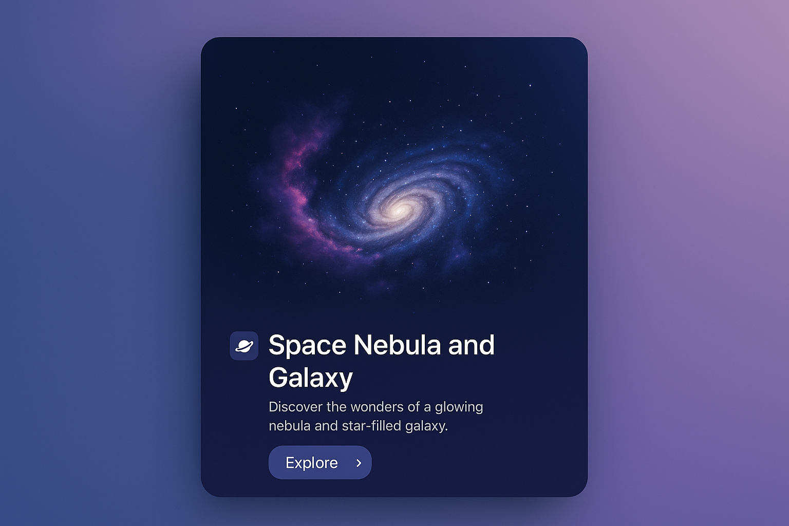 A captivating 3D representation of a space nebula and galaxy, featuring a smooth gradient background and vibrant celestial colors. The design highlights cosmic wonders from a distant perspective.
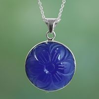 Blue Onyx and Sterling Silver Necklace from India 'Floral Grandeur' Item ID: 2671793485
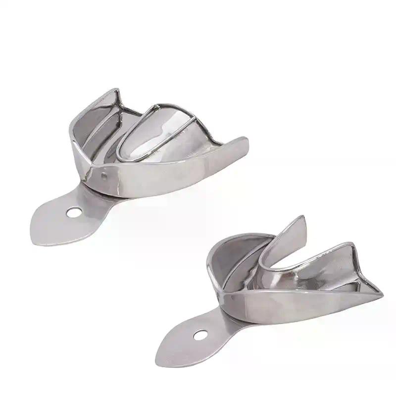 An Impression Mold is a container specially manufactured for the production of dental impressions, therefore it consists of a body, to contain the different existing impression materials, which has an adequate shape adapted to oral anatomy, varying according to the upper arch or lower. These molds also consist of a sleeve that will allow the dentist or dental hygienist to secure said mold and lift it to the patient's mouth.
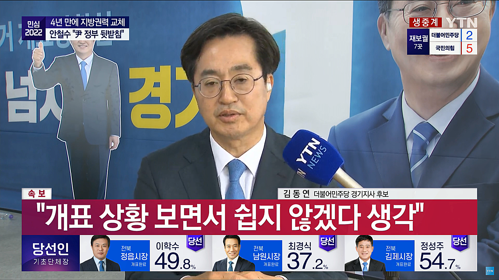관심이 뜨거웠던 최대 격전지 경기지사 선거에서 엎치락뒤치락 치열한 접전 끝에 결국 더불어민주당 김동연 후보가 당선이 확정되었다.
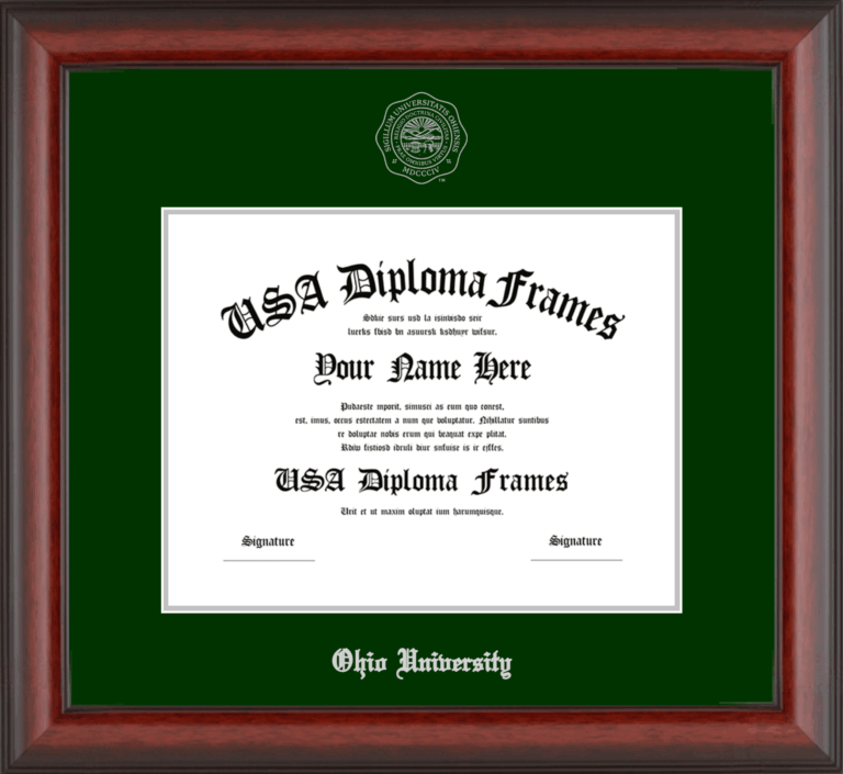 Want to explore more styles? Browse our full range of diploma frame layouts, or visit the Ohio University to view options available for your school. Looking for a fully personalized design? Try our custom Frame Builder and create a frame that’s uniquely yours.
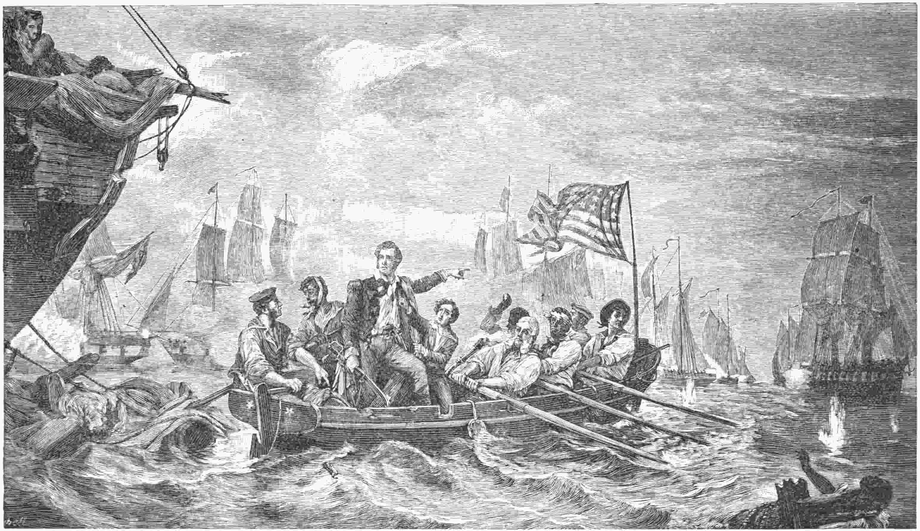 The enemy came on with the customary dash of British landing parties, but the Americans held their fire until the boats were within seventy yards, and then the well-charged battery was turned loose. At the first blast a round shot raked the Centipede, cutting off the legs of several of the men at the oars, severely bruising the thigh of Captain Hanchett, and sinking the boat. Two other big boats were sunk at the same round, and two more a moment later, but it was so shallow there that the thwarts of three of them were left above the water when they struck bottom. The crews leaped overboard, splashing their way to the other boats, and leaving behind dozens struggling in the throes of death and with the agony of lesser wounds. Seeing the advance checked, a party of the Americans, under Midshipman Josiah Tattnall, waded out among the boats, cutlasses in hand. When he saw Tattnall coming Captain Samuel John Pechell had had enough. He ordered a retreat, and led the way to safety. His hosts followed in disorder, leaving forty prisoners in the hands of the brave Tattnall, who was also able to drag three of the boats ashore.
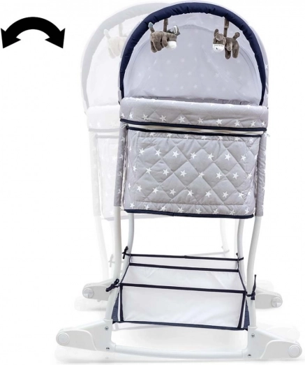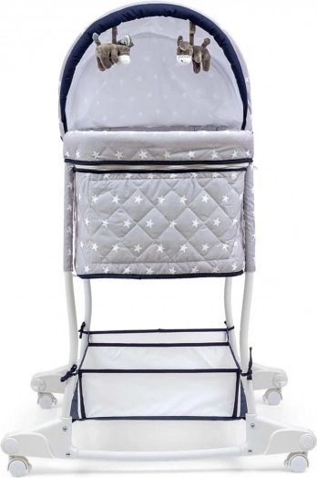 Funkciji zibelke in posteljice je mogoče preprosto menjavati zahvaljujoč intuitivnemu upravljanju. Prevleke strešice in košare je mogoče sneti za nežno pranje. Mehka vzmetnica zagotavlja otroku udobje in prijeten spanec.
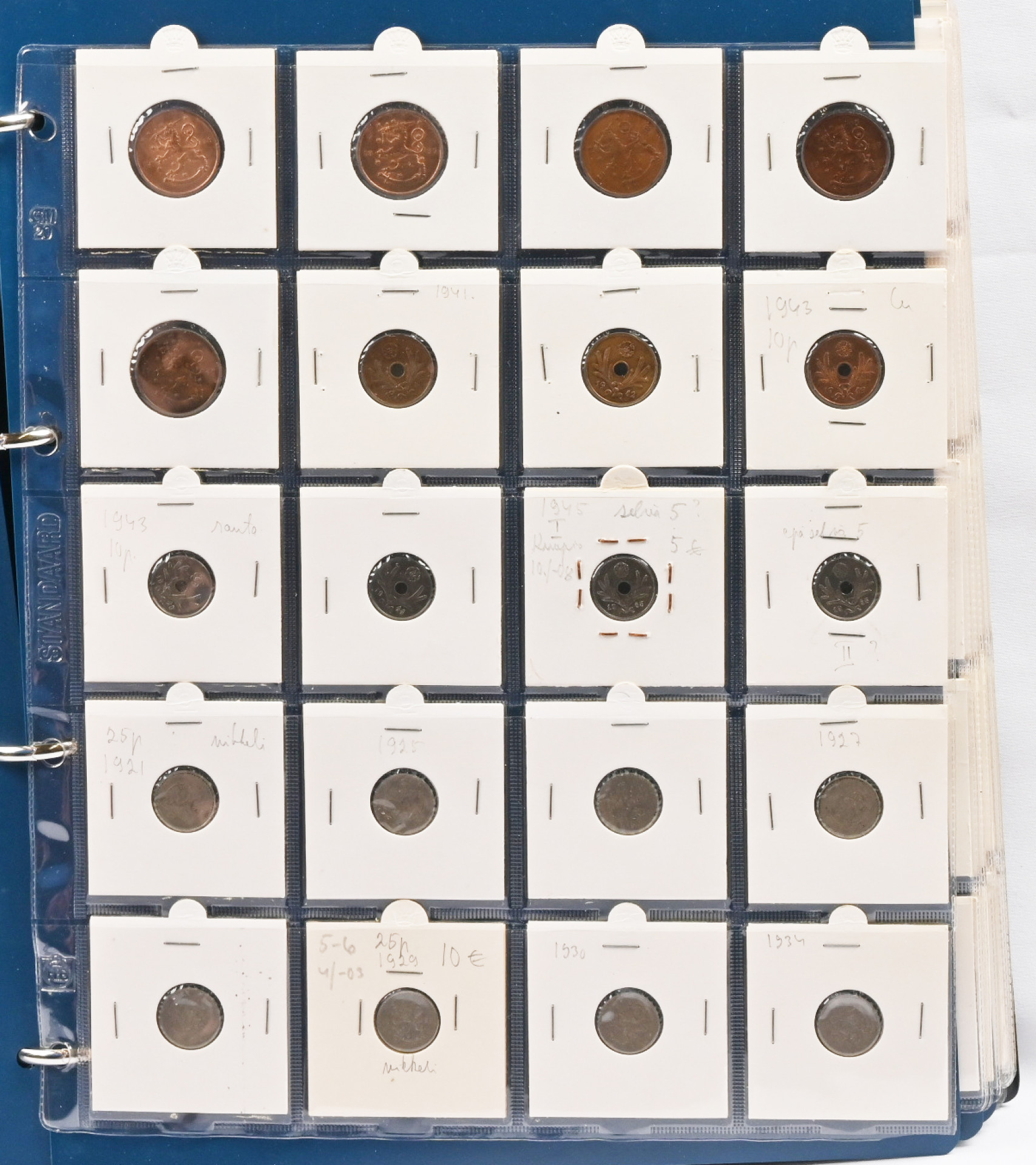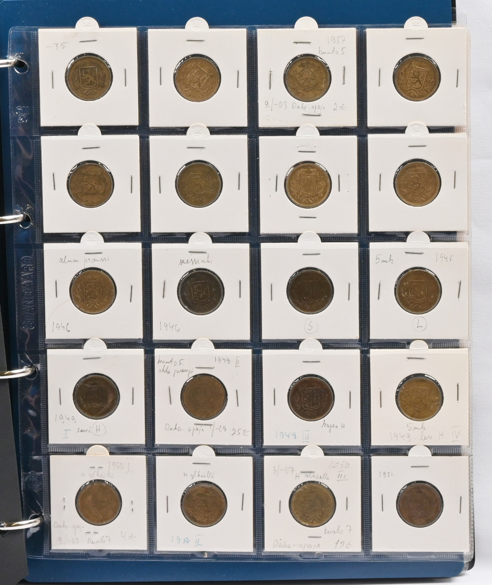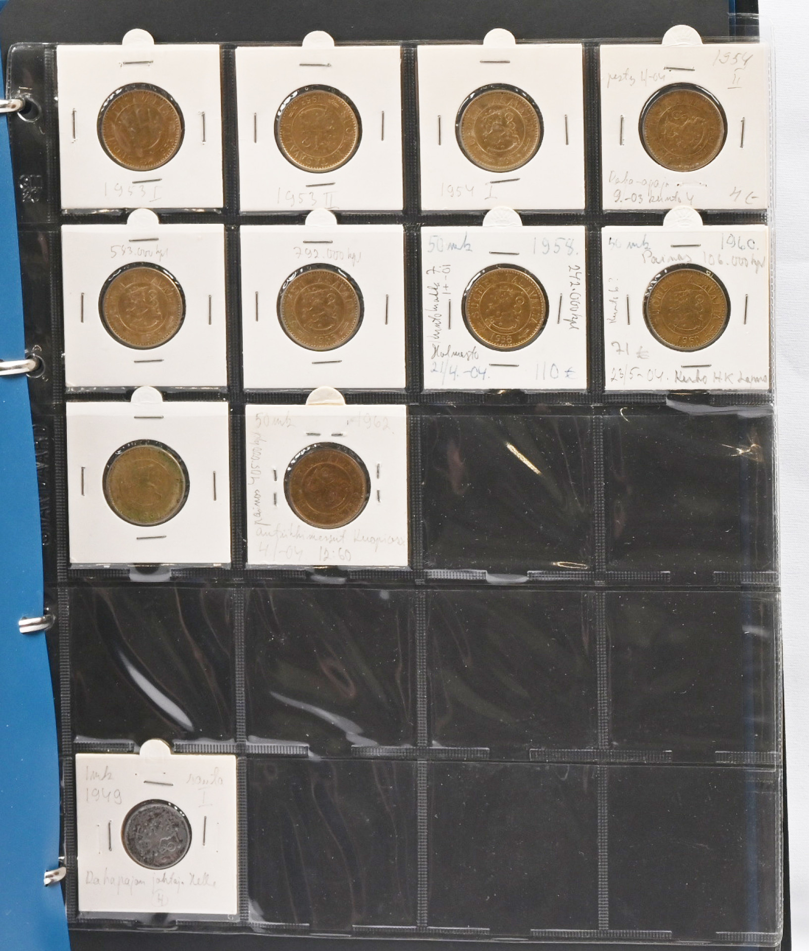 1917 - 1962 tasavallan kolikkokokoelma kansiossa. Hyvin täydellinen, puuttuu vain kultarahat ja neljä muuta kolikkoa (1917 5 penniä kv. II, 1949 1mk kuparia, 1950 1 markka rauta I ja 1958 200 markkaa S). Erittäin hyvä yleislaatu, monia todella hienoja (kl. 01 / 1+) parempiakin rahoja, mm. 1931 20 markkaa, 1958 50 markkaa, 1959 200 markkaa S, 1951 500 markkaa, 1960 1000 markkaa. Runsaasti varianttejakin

######

Required action: Exact copy, no pictures. Write out the lines in the entries above, starting with the line with "관심이 뜨거웠던 최대" and going on through the line with "Want to explore", keeping both.

Written reply:
관심이 뜨거웠던 최대 격전지 경기지사 선거에서 엎치락뒤치락 치열한 접전 끝에 결국 더불어민주당 김동연 후보가 당선이 확정되었다.
 Want to explore more styles? Browse our full range of diploma frame layouts, or visit the Ohio University to view options available for your school. Looking for a fully personalized design? Try our custom Frame Builder and create a frame that’s uniquely yours.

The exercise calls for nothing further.